Two companies sold bonds yesterday, the most offerings from borrowers in Asia outside Japan since Aug. 6, ahead of next week’s Federal Reserve meeting at which policy makers are expected to begin winding back record stimulus, data compiled by Bloomberg show. A gauge of regional bond risk is on track for its lowest close in almost a month, according to credit-default swap traders.

“It’s always been a busy September in past years, and I guess this year won’t differ,” said Raymond Chia, the Singapore-based deputy head of credit research for Asia fixed-income at Schroder Investment Management Ltd., which oversaw about $388 billion as of June 30. “Issuers are capitalizing on a window of opportunity as they are concerned with the interest-rate outlook and tapering.”

PTT Exploration & Production Pcl, the state-controlled Thai oil explorer, raised $500 million yesterday while China ZhengTong Auto Services Holdings Ltd., a luxury car dealer, sold $335 million of bonds, data compiled by Bloomberg show.

CDS Declines

The Markit iTraxx Asia index of 40 investment-grade borrowers outside Japan decreased 5 basis points to 135 as of 1:49 p.m. in Hong Kong, Australia & New Zealand Banking Group Ltd. prices show.
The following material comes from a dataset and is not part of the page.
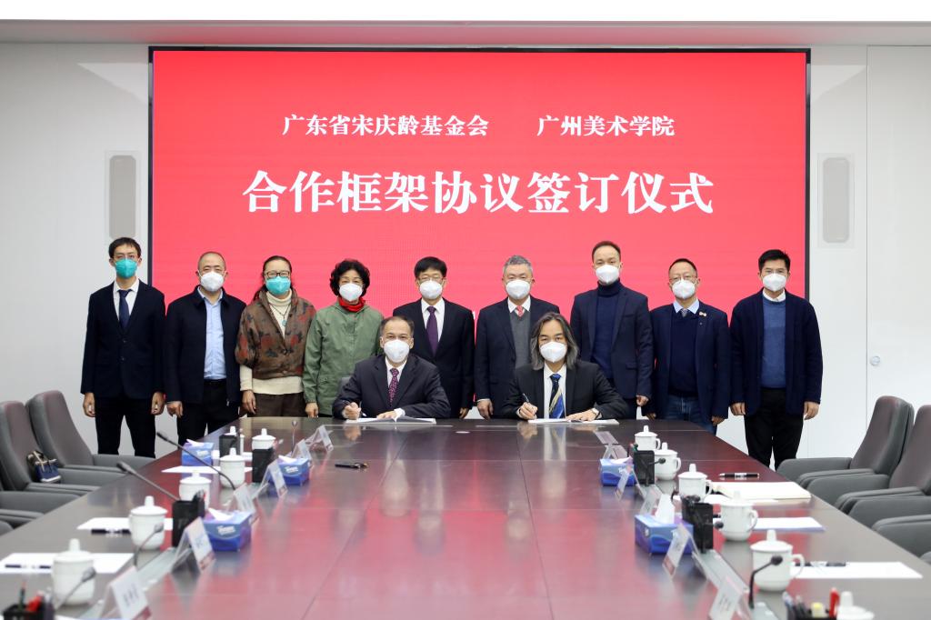 蔡拥华代表学校与省宋庆龄基金会签署合作建立粤港澳大湾区青少年美育教育基地框架协议。

The benchmark, which has fallen 18 basis points in the three trading days through yesterday, is set to close at its lowest level since Aug. 14, according to data provider CMA.
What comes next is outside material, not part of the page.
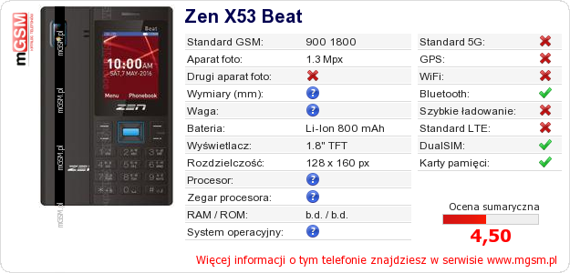 Dane telefonu Zen X53 Beat na Twojej stronie

Yields on Asian dollar debt have climbed 109 basis points to 5.7 percent since May 31, according to JPMorgan Chase & Co. indexes, after Fed Chairman Ben S. Bernanke signaled that the central bank would consider paring stimulus if it saw signs of sustained growth. Monthly bond purchases will probably be reduced to $75 billion from the current $85 billion pace, according to the median estimate of 34 economists surveyed by Bloomberg News last week.
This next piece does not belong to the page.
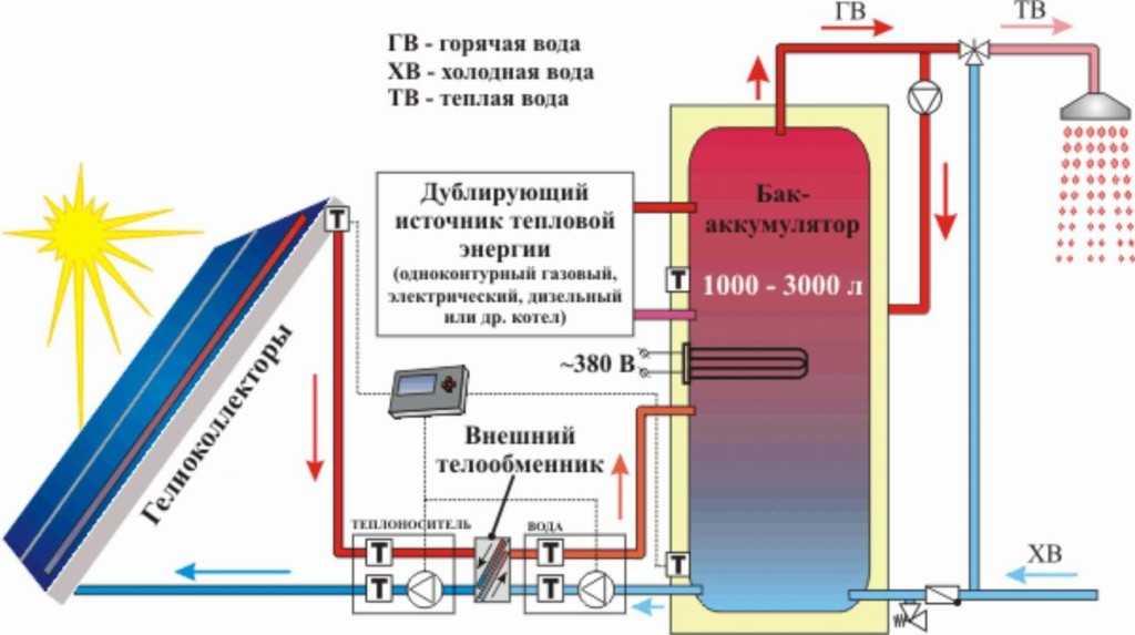 Специалисты рекомендуют использовать для этой цели стандартный накопительный бак для системы горячего водоснабжения или, как альтернативный вариант, — буферную емкость из автономной отопительной системы. Грамотно построенная конструкция подразумевает соединение коллектора с дополнительным теплообменником, который напрямую контактирует с накопительным баком. Существует пять проверенных на практике схем подключения оборудования.

Indonesia may sell as much as $1.5 billion of dollar-denominated Islamic securities as soon as today, the person familiar with the matter said.

KDB, TMB

Korea Development Bank is meanwhile marketing a sale of 5.5-year bonds at about 155 basis points more than Treasuries, and Fukoku Mutual Life is considering pricing as much as $500 million of perpetual bonds in the high 6 percent area, according to people with knowledge of the offerings.

TMB Bank plans to meet fixed-income investors in Singapore, Hong Kong and London from Sept. 12 to discuss issuing in the U.S. currency, another person said.

The Markit iTraxx Australia index retreated 1 basis point to 112 basis points as of 3:49 p.m. in Sydney, according to National Australia Bank Ltd. The gauge is on course for its lowest close since May 30, according to CMA, which is owned by McGraw-Hill Cos. and compiles prices quoted by dealers in the private market.

The Markit iTraxx Japan index slid 2 basis points to 86 as of 2:50 p.m. in Tokyo, Deutsche Bank AG prices show. The measure last closed lower on May 24, according to CMA.

Credit-default swap indexes are benchmarks for insuring bonds against default and traders use them to speculate on credit quality. A drop signals improving perceptions of creditworthiness, while an increase suggests the opposite.

The swap contracts pay the buyer face value in exchange for the underlying securities if a borrower fails to meet its debt agreements.